JPH08201515A - Information processor for navigation - Google Patents

Abstract

PURPOSE: To prevent running on rocks and improve safety in navigation in a shallow sea by accurately calculating the minimum depth required by a ship when a pitch angle which is the inclination of an own ship is included in processing on navigation and performing display along with the generation of alarm when the running-on-rocks is predicted. CONSTITUTION: When a transmitter/receiver 8 measures the straight-line distance to a seabed obstacle due to running-on-rocks, it calculates the depth of the seabed obstacle by calculating at a data processing part 1. A gyro 7' periodically measures the pitch angle of a ship and temporarily stores the data measured by the gyro at a data part 4. Also, the data processing part 1 compensates a sonar measurement value due to the inclination of the ship from measurement data and then calculates seabed information. A display 3 displays a sea trench diagram based on the seabed information data calculated by the data processing part 1, displays the location of running-on-rocks and the distance from a current own ship when the running-on-rocks is predicted in the route of the own ship based on the sea trench diagram and the maximum value of the amplitude of the inclination of the ship, and at the same time generates an alarm.

Description

Detailed Description of the Invention

[0001]

BACKGROUND OF THE INVENTION 1. Field of the Invention The present invention relates to a navigation information processing apparatus used when a ship is navigating, and in particular to a pitch angle which is a tilt of a hull measured by a gyro from seabed data measured by a transducer. In addition, the present invention relates to a navigation information processing device for ensuring safety of navigation on a route having a seabed obstacle such as a reef by accurately calculating the minimum required depth for navigation.

[0002]

2. Description of the Related Art Some conventional apparatuses have a function of preventing a grounding by generating a sectional projection view of a seabed from a seabed echo signal of a sonar and chart information.

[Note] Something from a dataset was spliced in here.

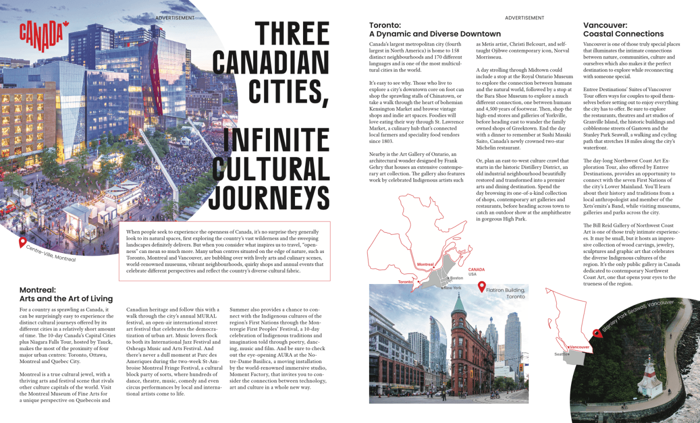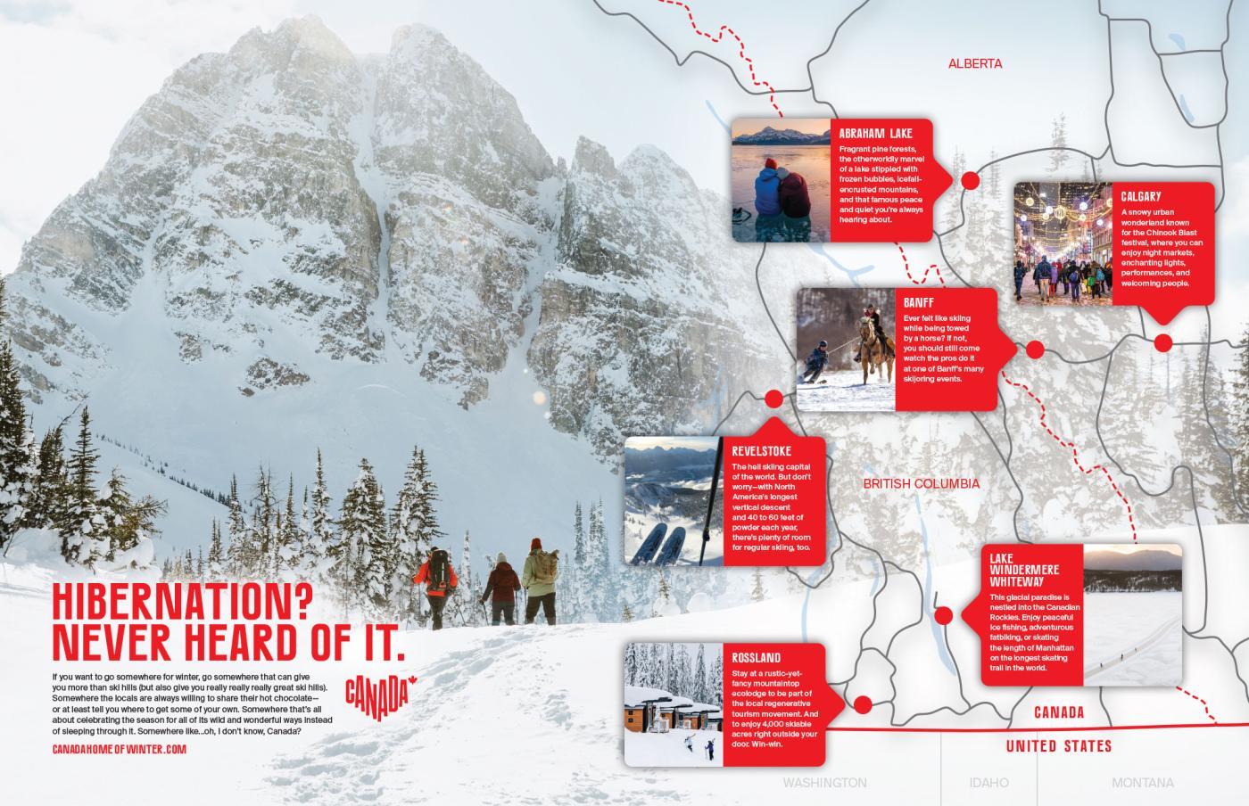 Journeys Through our use of journey-based print ads, we've taken an innovative approach to showcasing how Canada’s extraordinary openness will refresh Americans’ perspectives and enrich their lives. By teasing out uniquely Canadian destinations and points of interest dotted on a map, these journey-based ads are intended to increase our audience's awareness of Canada and inspire them to prioritize travelling to Canada. We want them to experience first-hand our wide open landscapes, iconic, vibrant cities, and diverse cultures and communities.

This conventional apparatus is disclosed in Japanese Patent Laid-Open No. 02-95293.
As described in Japanese Patent Publication, a cross-sectional projection view and a plane projection view of the sea floor are created from the information of the sonar, a three-dimensional display is performed from these projection views, and the ship symbol is displayed to improve safety. I am trying.

In addition, in addition to the above-mentioned conventional ones, Japanese Patent Laid-Open No.
3-40882, JP-A-5-134031, and the like.

[0005]

Conventionally, it has been possible to obtain the distance to a seabed obstacle such as a reef based on information from a wave transmitter / receiver attached to a hull.
In the conventional technique described in Japanese Patent Laid-Open No. 2-95293, the minimum depth required by the ship when the hull is tilted due to external factors such as waves is accurately calculated, and grounding during navigation is predicted. Sometimes there was no function to raise an alarm.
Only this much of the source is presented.